Vista do Monte Cinto, na Córsega – Foto: Peter Bowater / Alamy / Glow Images
Corte republicana
Bem no centro da área montanhosa da Córsega está Corte, cidade que se tornou capital da fugaz república corsa em 1755, durante a liderança de Pascoal Paoli, herói da independência contra os genoveses. Corte tem a única das seis cidadelas corsas longe do litoral. Suas construções de pedra e suas casinhas encarapitadas em colinas fazem qualquer fotógrafo amador parecer o mais talentoso dos profissionais. Em Calacuccia, a 26 quiômetros de lá, comi a melhor carne de javali da minha vida no U Valduniellu, pequeno restaurante com uma varanda notável e um menu daqueles que dificultam a escolha. Mesmo com o acerto da decisão, confesso que fiquei de butuca no confit de canard da mesa vizinha.
A oeste de Corte, Porto é outra gema litorânea, orgulhosa de sua torre genovesa e, principalmente, da proximidade com os Calanques de Piana, uma região de penhascos verticais de origem vulcânica cuja beleza lhe valeu a inscrição na lista dos Patrimônios Naturais Mundiais da Unesco. É possível estacionar em pontos estratégicos para vê-los, mas gostoso é dirigir pela estrada quase invadida por tantas pedras – as rodovias corsas são mesmo agitadas.
As casas encarapitadas de Corte, na Córsega – Foto: Superstock / Keystone Brasil
Difícil dizer que a porta de saída de um destino do qual não se quer sair de jeito nenhum seja agradável, mas Calvi, de onde partem ferries para Nice e para a italiana Savona, é definitivamente muito agradável. Os iates dos jet-setters ancorados em sua marina podem até ofuscar o brilho de sua cidadela medieval. Mas há muito que ver ali. As muralhas imponentes encerram, entre outros edifícios, a Catedral de São João Batista, muito visitada por causa da imagem do Cristo dos Milagres, a quem se credita a defesa da cidade contra uma invasão sarracena no século 16.

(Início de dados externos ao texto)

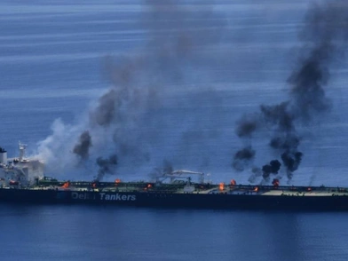 Το υπό ελληνική σημαία δεξαμενόπλοιο MV Sounion, που δέχθηκε επίθεση των ανταρτών Χούθι της Υεμένης στις 21 Αυγούστου στην Ερυθρά Θάλασσα, εξακολουθεί να φλέγεται από την 23η Αυγούστου.
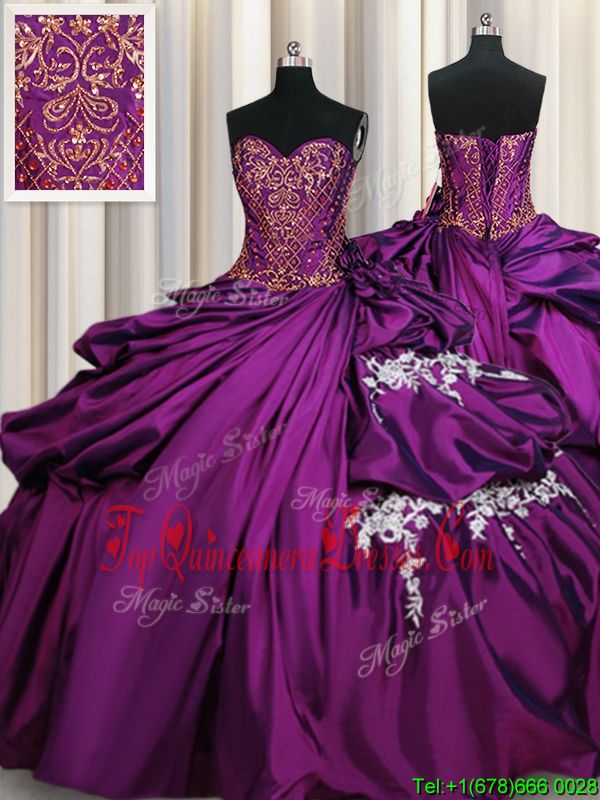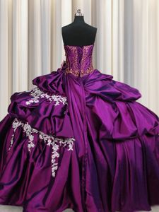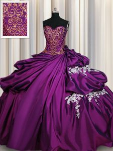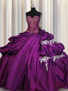 Fantastic Purple Taffeta Lace Up Sweetheart Sleeveless Floor Length Sweet 16 Dresses Beading and Appliques

A última e deliciosa cerveja que tomei em Calvi, a Pietra, à base da mesma castanha que alimenta os porcos das estradas corsas, acabou por deixar um travo amargo em minha garganta. Afinal, já era hora de deixar a Córsega, já era hora de deixar aquele pequeno idílio mediterrâneo de tantas histórias e de tantas e belas paisagens. Chegava a hora de finalmente deixar o Caribe.